Personal information
- Born: 24 March 1967 (age 59) France
- Occupation: Jockey

Horse racing career
- Sport: Horse racing
- Career wins: Ongoing

Major racing wins
- Prix du Cadran (1991) Grand Prix de Paris (1991, 1992, 1996, 1999) Prix Ganay (1992, 2006) Prix de l'Arc de Triomphe (1992, 1994, 2013, 2014) Critérium de Saint-Cloud (1993) Prix Saint-Alary (1993, 1994, 1996, 2002) Prix Vermeille (1993, 2015) Prix d'Ispahan (1993, 1999) Grand Prix de Chantilly (1993, 1994, 2003) Prix de la Salamandre (1994) Grand Prix de Saint-Cloud (1994, 1995, 2002, 2003, 2015) Prix du Chemin de Fer du Nord (2001, 2003) Prix Vicomtesse Vigier (2003) Prix de Diane (2013) International race wins: Gran Premio d'Italia (1991) Champion Stakes (1991) Preis von Europa (1992) Dewhurst Stakes (1994) Coronation Cup (1994) 2,000 Guineas (1995) Hong Kong Vase (2002)

Racing awards
- French flat racing Champion Jockey (1992, 1993, 1994, 1995)

Significant horses
- Danini, Subotica, Pigeon Voyageur Victoire Bleu, Tel Quel, Apple Tree Homme de Loi, Sunshack, Intrepidity, Arcangues, Moonlight Dance, Carnegie, Pennekamp, Grape Tree Road, Luna Wells, Nononito, Slickly, Croco Rouge, Bluemamba, Amonita, Marotta, Ange Gabriel, Cut Quartz, Tripat, Swedish Shave

= Thierry Jarnet =

French jockey (born 1967)

Thierry Jarnet (born 24 March 1967) is a champion thoroughbred flat racing jockey in France who won the title four times between 1992-1995. Jarnet was first apprenticed to Patrick Rago at Maisons-Laffitte and then to Yann Porzier at Chantilly, Oise.

== History ==

Jarnet rode his first winner in February 1985 at Cagnes-sur-Mer on a horse called Danini.

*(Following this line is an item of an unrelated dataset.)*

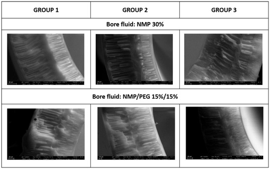 Morphology of the fibers spun from experiment Groups 1–3 using two different bore fluids (NMP 30% and NMP/PEG 15%/15%).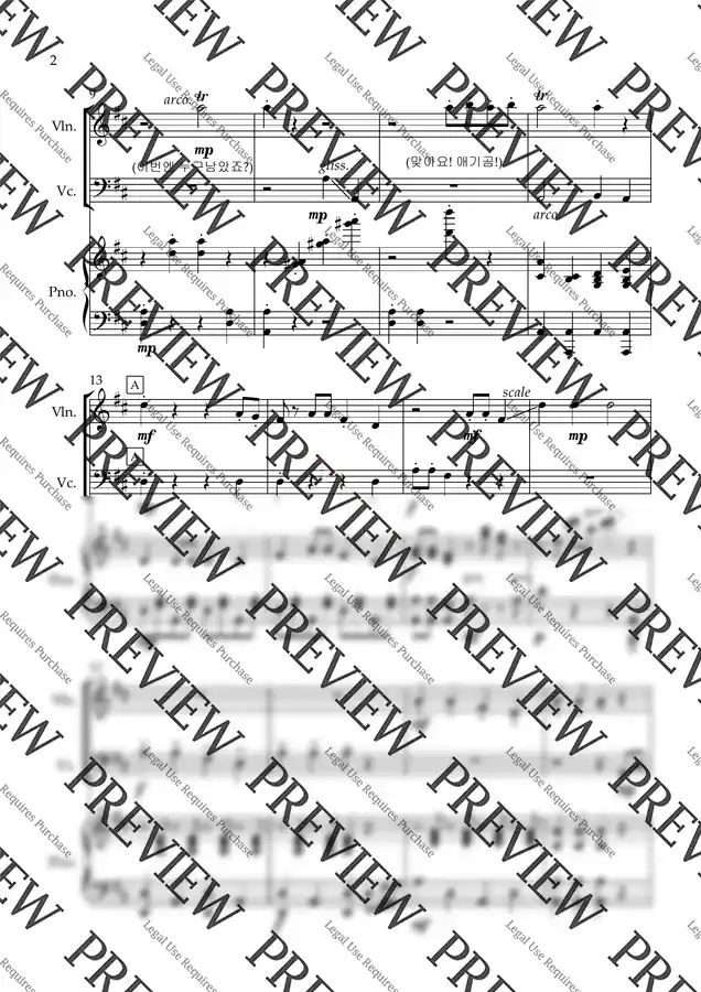 **피아노 트리오 편성(피아노, 바이올린, 첼로)**으로 편곡한 악보입니다.

Jarnet rode 137 winners in France between 1985 and 1990. In November 1990, Jarnet signed up to ride for the trainer André Fabre. Jarnet's first ride for Fabre was a winning one on a horse called Subotica, that also went on to provide him with Jarnet's first Group One victory in the 1991 Grand Prix de Paris.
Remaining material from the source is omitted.